[Extracted records]

_____

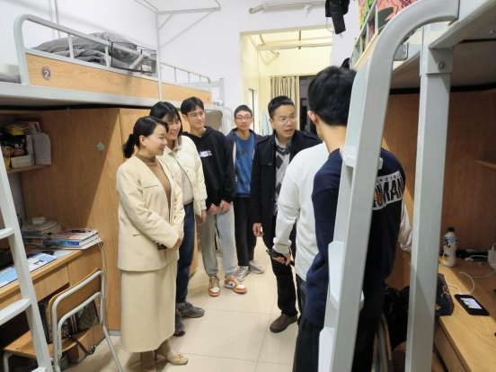 随后,学院领导走进锦晖苑学生公寓,与联系寝室的学生亲切地拉起家常。韩丹仔细查看宿舍的设施是否完善,用电是否安全,提醒同学们遇到困难及时与学院老师联系。郭君平询问了同学们在寝室的健身情况,提供了科学指导,并希望同学们保持健康的体魄,周末多出去走走看看。同学们纷纷表示,感谢学院老师的关心,一定会以积极上进的态度迎接新学期的学习生活。
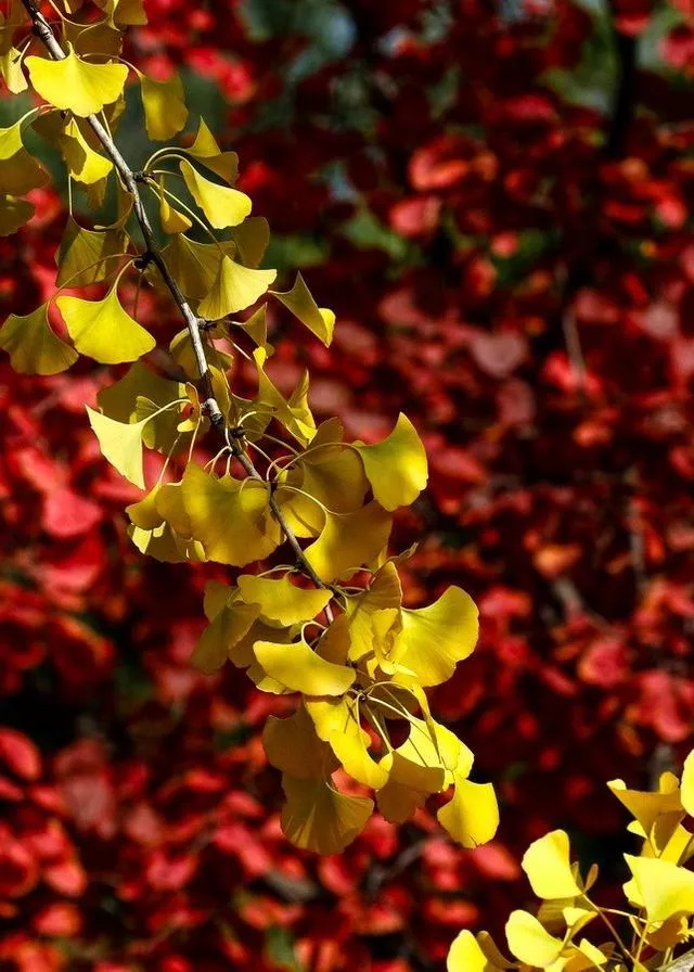 這一眼,紅葉甘愿為銀杏襯托;
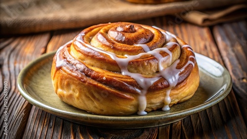 Close-up of a warm, fluffy cinnamon bun on a plate
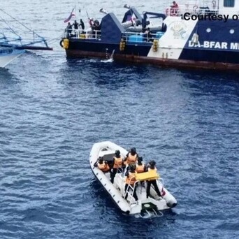 同时,非法滞留在仙宾礁长达100多天的菲海警9701舰也与菲方船只进行了协同,出动了舰载充气艇运送燃料,还与中国海警的执法艇在海上展开了对峙。显然,他们就是在用这种方式,试图非法侵占仙宾礁的潟湖和传统渔场,以此宣称中国的仙宾礁其实是他们的。
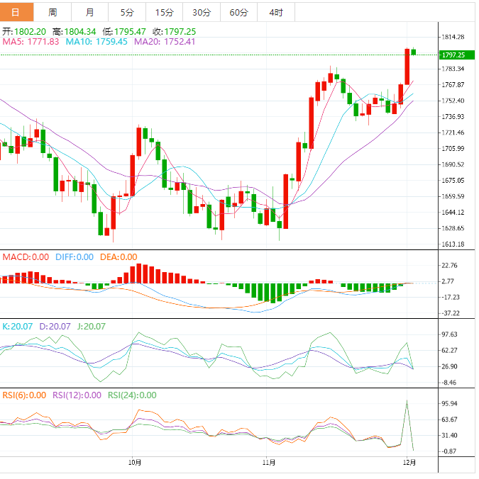 相对强度指数(RSI)线位于14处,超买情况引发金价从多日高位回落。不过,由于MACD移动平均线闪现看涨信号,回调走势仍难以捉摸。
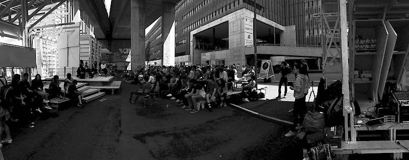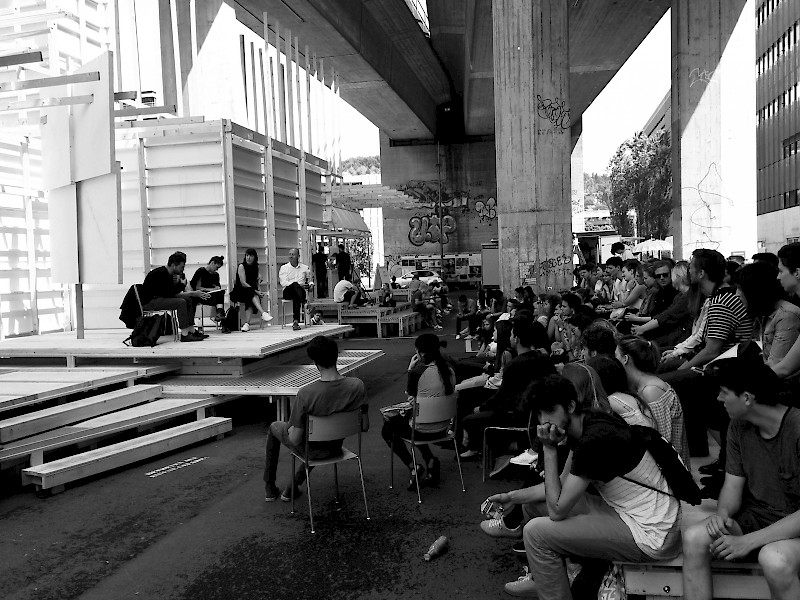 Der Raum unter der Brücke wird zum temporären Auditorium
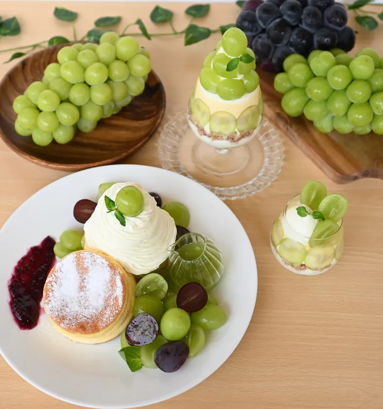 (左)贅沢シャインマスカットパンケーキ/(右奥)シャインマスカットタワーパフェ/(右)ミニシャインマスカットパフェ
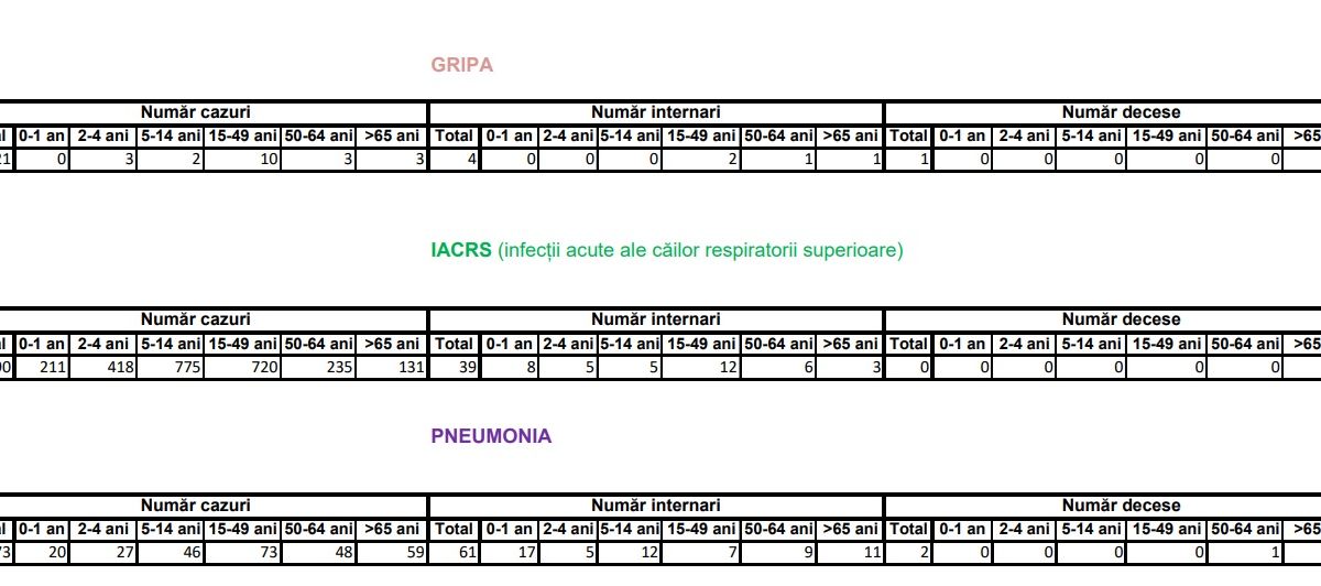 Săptămâna trecută s-au înregistrat 24 de cazuri de gripă diagnosticate clinic, dintre care 21 au fost spitalizate.

_____

» **INSTRUCTIONS TO FOLLOW**
Render the records above word for word and leave the pictures out.

» **EXERCISE OUTPUT**
 随后,学院领导走进锦晖苑学生公寓,与联系寝室的学生亲切地拉起家常。韩丹仔细查看宿舍的设施是否完善,用电是否安全,提醒同学们遇到困难及时与学院老师联系。郭君平询问了同学们在寝室的健身情况,提供了科学指导,并希望同学们保持健康的体魄,周末多出去走走看看。同学们纷纷表示,感谢学院老师的关心,一定会以积极上进的态度迎接新学期的学习生活。
 這一眼,紅葉甘愿為銀杏襯托;
 Close-up of a warm, fluffy cinnamon bun on a plate
 同时,非法滞留在仙宾礁长达100多天的菲海警9701舰也与菲方船只进行了协同,出动了舰载充气艇运送燃料,还与中国海警的执法艇在海上展开了对峙。显然,他们就是在用这种方式,试图非法侵占仙宾礁的潟湖和传统渔场,以此宣称中国的仙宾礁其实是他们的。
 相对强度指数(RSI)线位于14处,超买情况引发金价从多日高位回落。不过,由于MACD移动平均线闪现看涨信号,回调走势仍难以捉摸。
 Der Raum unter der Brücke wird zum temporären Auditorium
 (左)贅沢シャインマスカットパンケーキ/(右奥)シャインマスカットタワーパフェ/(右)ミニシャインマスカットパフェ
 Săptămâna trecută s-au înregistrat 24 de cazuri de gripă diagnosticate clinic, dintre care 21 au fost spitalizate.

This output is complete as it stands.